Ante su propia monstruosidad, los pocos ciudadanos con cordura en aquél mar caótico de
apetencias, sumarían sus esfuerzos a la búsqueda del orden, bajo la sombra un caudillo, un nuevo
monarca capaz de imponer la armonía y el respeto a las leyes con su severa autoridad. Así, según
Polibio, se repetiría el ciclo nuevamente, en una suerte de eterno retorno de lo mismo.
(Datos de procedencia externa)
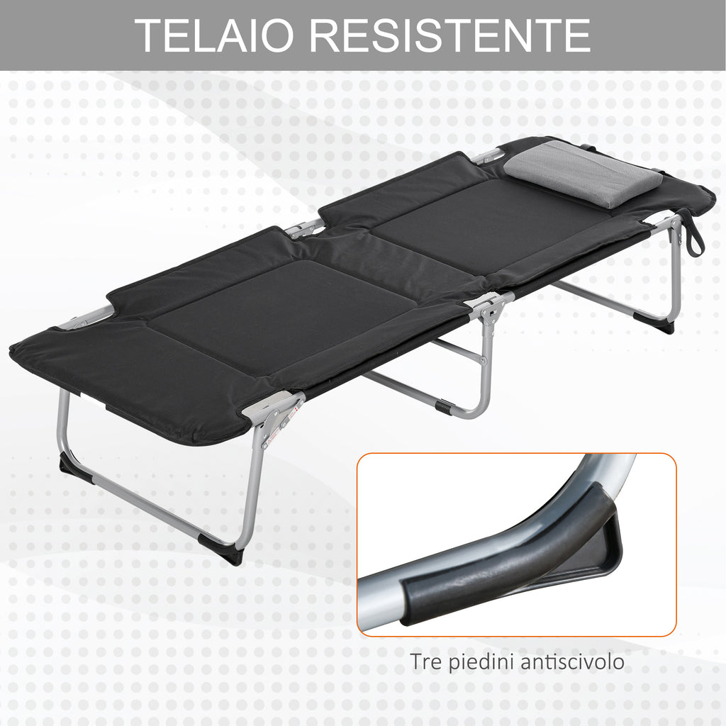 Lit pliant de camping 183x66x33 cm en métal et tissu Oxford matelassé noir

¿Cómo asegurar la estabilidad ante la permanencia del cambio? La respuesta de Polibio sería el
integrar las formas puras de gobierno en uno solo que fuese mixto. De tal modo, cada vez que una
parte del cuerpo social estuviese cerca de la decadencia, el resto de la sociedad le rescataría. La
perfectibilidad de esta construcción estaría blindada por una sincronía total entre los intereses de
los distintos estratos de la sociedad.
He allí uno de los pilares fundamentales de la República, parte de su tradición discursiva descansa
sobre valores tan loables como necesarios para la construcción de una sana sociedad, pero no se
sustenta exclusivamente en ellos. En su lugar, se fortalece al poner en la tribuna el tangible peso
de los intereses de cada ciudadano, salvaguardando así la dimensión personal del individuo sin
que ello signifique la extracción, o amputación, del cuerpo social. El velar por el bienestar de la
República se traduce en salvaguardar tanto los intereses personales como el del colectivo.
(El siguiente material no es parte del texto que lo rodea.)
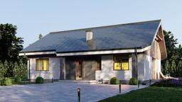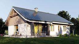 Bryła została zaprojektowana na planie prostokąta, w którym optymalnie rozmieszczono wszystkie niezbędne pomieszczenia. Po przekroczeniu umiejscowionego centralnie na elewacji frontowej, zadaszonego wejścia do domu znajdujemy się w wiatrołapie, z którego poprzez hall przechodzimy do znajdującej się na prawo strefy dziennej. W jej skład wchodzi jasny salon z jadalnią oraz otwarta kuchnia i toaleta. Z salonu oraz jadalni możemy wyjść na częściowo zadaszony narożny taras, który będzie idealnym miejscem wypoczynku w ciepłe letnie wieczory. W strefie nocnej znajdują się trzy wygodne i ustawne sypialnie oraz ogólnodostępna łazienka z wanną i prysznicem.

En lugar de idealizar las gestas y campañas admirables, o de adular sin decoro a quienes en vida
tuvieron su propio bocado de gloria, enfoquémonos hoy en rescatar lo poco que nos pudo legar la
Independencia, aparte de la estela de sangre y hierro; me refiero específicamente a ese
antiquísimo ideal republicano, que proviene nada más y nada menos que de la Eterna Roma y que
heredamos como descendientes de una concepción hispana, y por ende occidental.
Más allá de las cercanías o diferencias que podamos tener con los próceres y los primeros
constitucionalistas, hoy acordamos desafortunadamente, que aquél sueño inicial por el que
ciudadanos ilustrados decidieron entregar sus vidas en el campo de batalla en nada se parece a la
Venezuela de hoy en día. Ni República independiente ni parte del Imperio, Venezuela se asemeja
más a un hato poblado por seres rumiantes que esperan los designios de sus dueños foráneos.
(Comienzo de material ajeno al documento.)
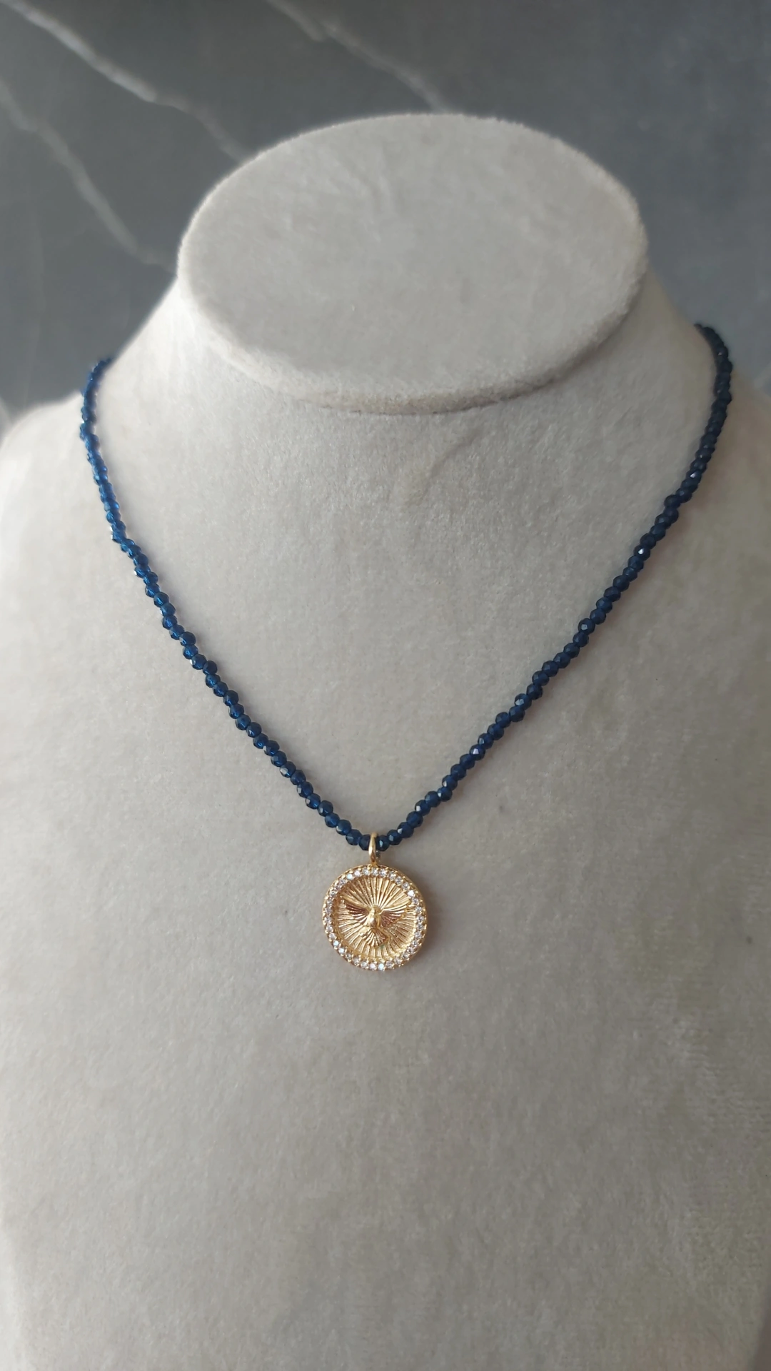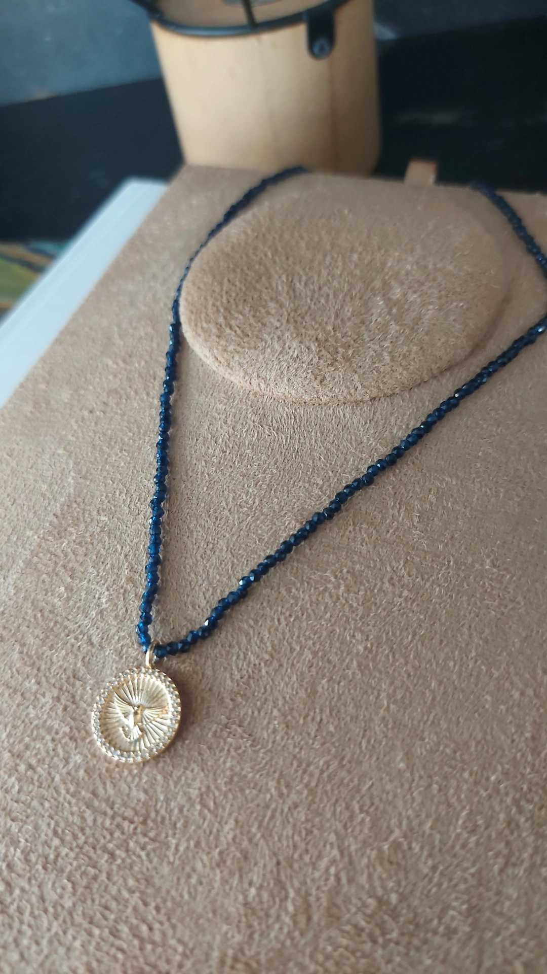 Colar mini jade com pingente divino banhado em ouro 18k.

Honorable lector, te propongo asumir el peso de la más férrea de las verdades, te reto a que te
plantes firme frente a los Patriotas y a los Realistas, frente a Miranda y a Monteverde, frente a
Páez y a Morillo; y le digas en su cara lo vano que fueron sus muertes.
Ondeamos en nuestro tricolor el color rojo, rememorando la sangre que regó los campos de
batallas, no obstante, parecemos olvidar que jamás cosechamos los frutos de aquella cruenta
siembra. No solo nos enfrentamos al irrespeto absoluto por el sacrificio emprendido por
venezolanos de bando y bando que lucharon entre hermanos por lo que creían era noble, a su vez
esta generación se está haciendo cómplice de la decadencia que mantiene al país en la miseria.
Venezuela necesita hoy hombres probos, forjados en la fragua de la lucha y el coraje. La ardua
cruzada de regeneración nacional requiere que retomemos las cuatro virtudes cardinales que
modelaron a occidente desde sus inicios: Justicia, Prudencia, Fortaleza y Templanza. Acompañadas
desde luego por el ardoroso fuego de amor por la Patria y el fervor por la trascendencia del
espíritu humano más allá de lo material.
Nada de cuartas ni quintas, mucho menos sextas; Venezuela será constituida como la República,
no un mero ensayo del montón.
Asumamos la jovial y elevada pugna por nuestra Dignidad. Frente a las infamias sostenidas por el
marxismo de Materialismo, Internacionalismo y Degeneración; impongamos firmes las eternas
verdades de Dios, la Patria y la Familia.